▶ _WHAT IS EXPECTED_: Exactly and only the lines below from the one containing "We give a brief" down to the one containing "сократите выражение и" are wanted, both included; please exclude every picture.

▶ _RECORDS TO USE_:
=== Section Start ===

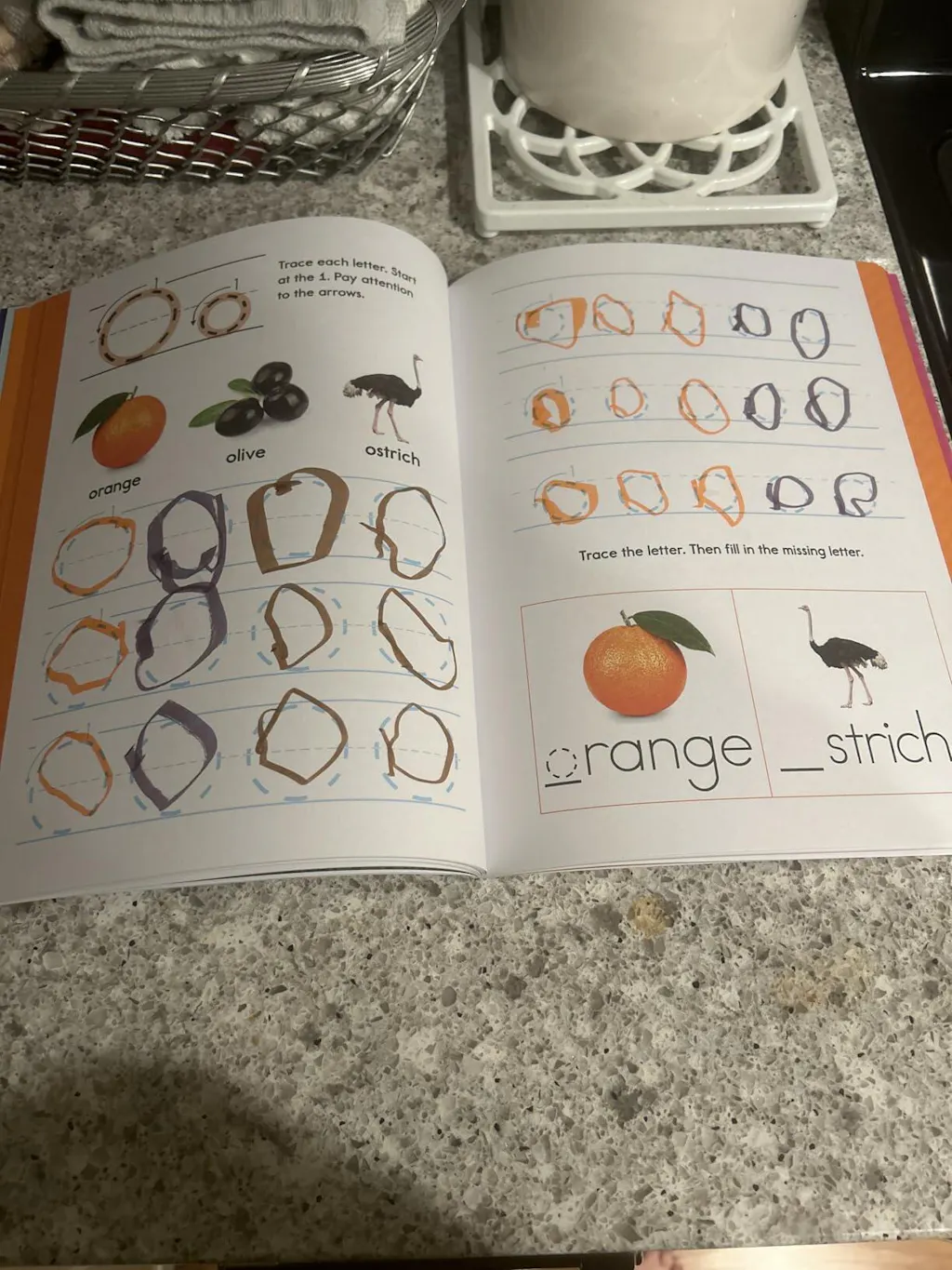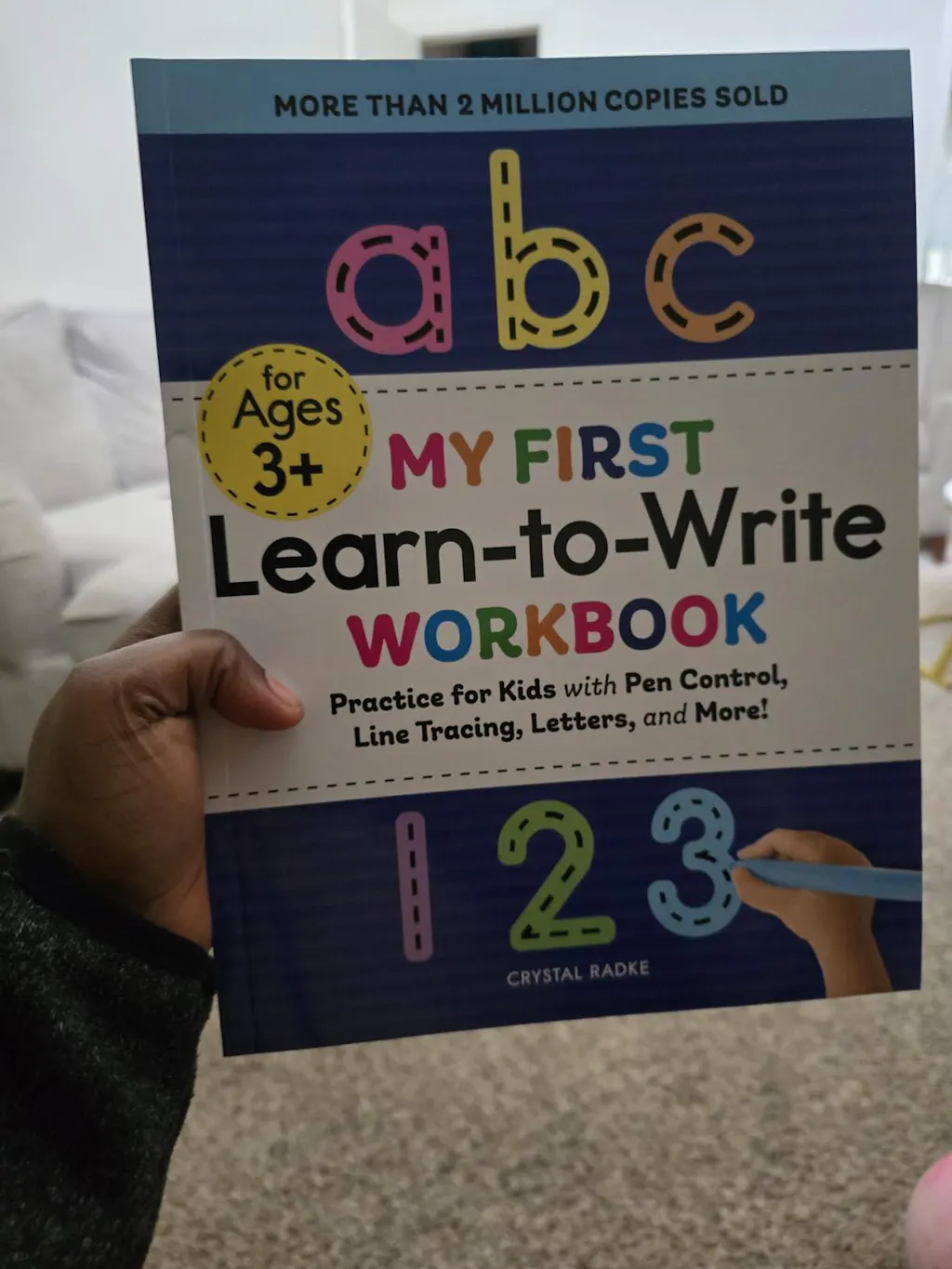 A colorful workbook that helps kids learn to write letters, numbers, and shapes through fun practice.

=== Section End ===
=== Section Start ===

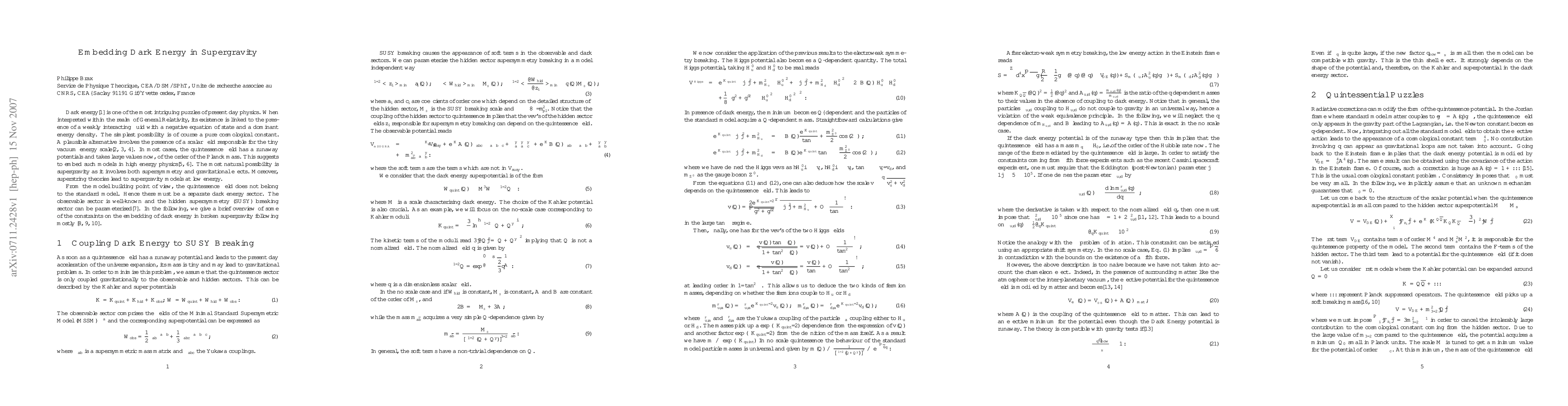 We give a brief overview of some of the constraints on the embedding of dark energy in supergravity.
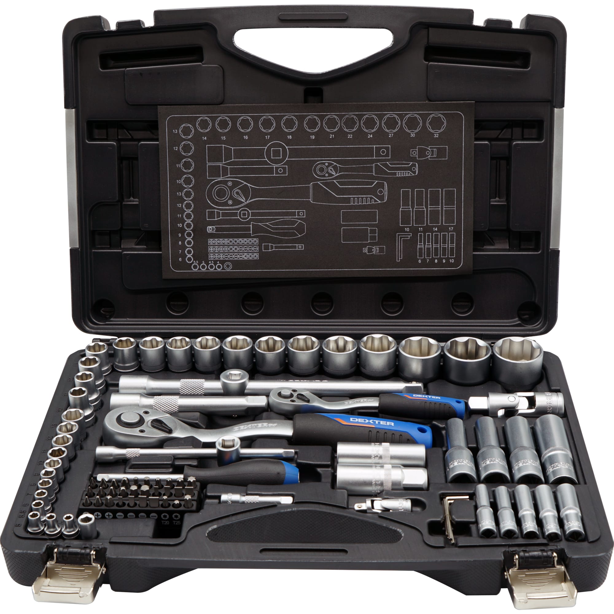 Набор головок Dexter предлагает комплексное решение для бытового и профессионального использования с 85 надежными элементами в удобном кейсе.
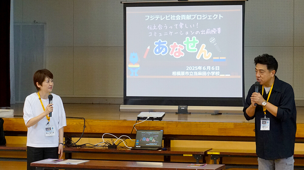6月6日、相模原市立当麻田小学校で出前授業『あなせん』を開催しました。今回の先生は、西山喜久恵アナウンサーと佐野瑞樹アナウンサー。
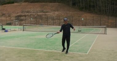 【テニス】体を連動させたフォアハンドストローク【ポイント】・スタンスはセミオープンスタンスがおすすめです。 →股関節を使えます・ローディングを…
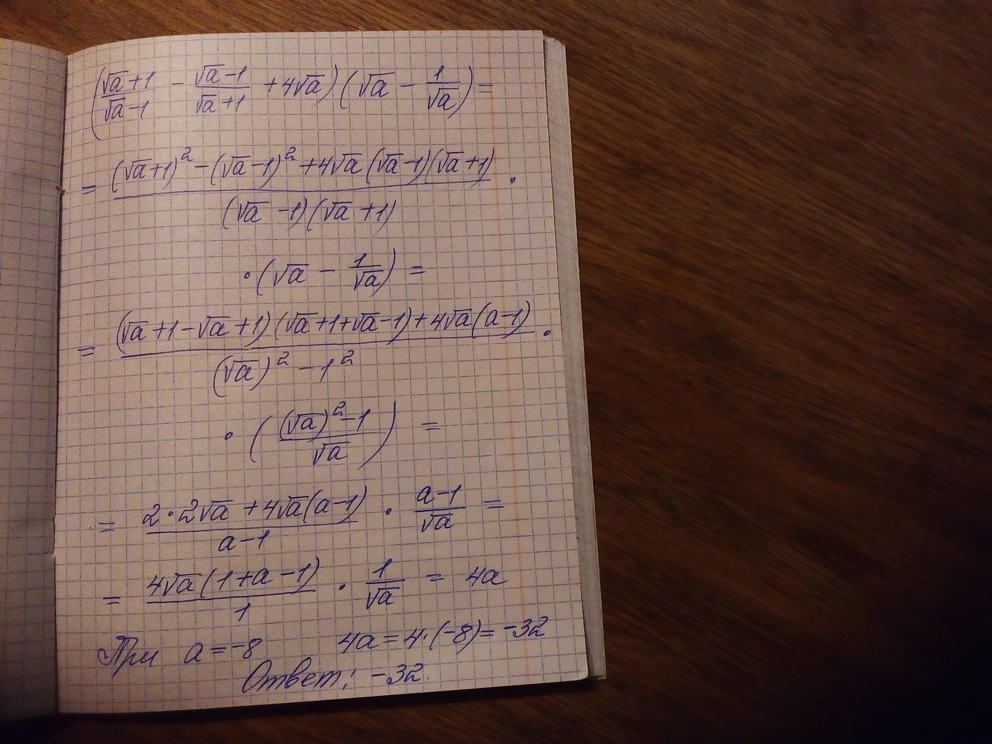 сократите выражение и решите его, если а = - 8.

=== Section End ===

▶ _RESULT OF THIS TASK_:
 We give a brief overview of some of the constraints on the embedding of dark energy in supergravity.
 Набор головок Dexter предлагает комплексное решение для бытового и профессионального использования с 85 надежными элементами в удобном кейсе.
6月6日、相模原市立当麻田小学校で出前授業『あなせん』を開催しました。今回の先生は、西山喜久恵アナウンサーと佐野瑞樹アナウンサー。
 【テニス】体を連動させたフォアハンドストローク【ポイント】・スタンスはセミオープンスタンスがおすすめです。 →股関節を使えます・ローディングを…
 сократите выражение и решите его, если а = - 8.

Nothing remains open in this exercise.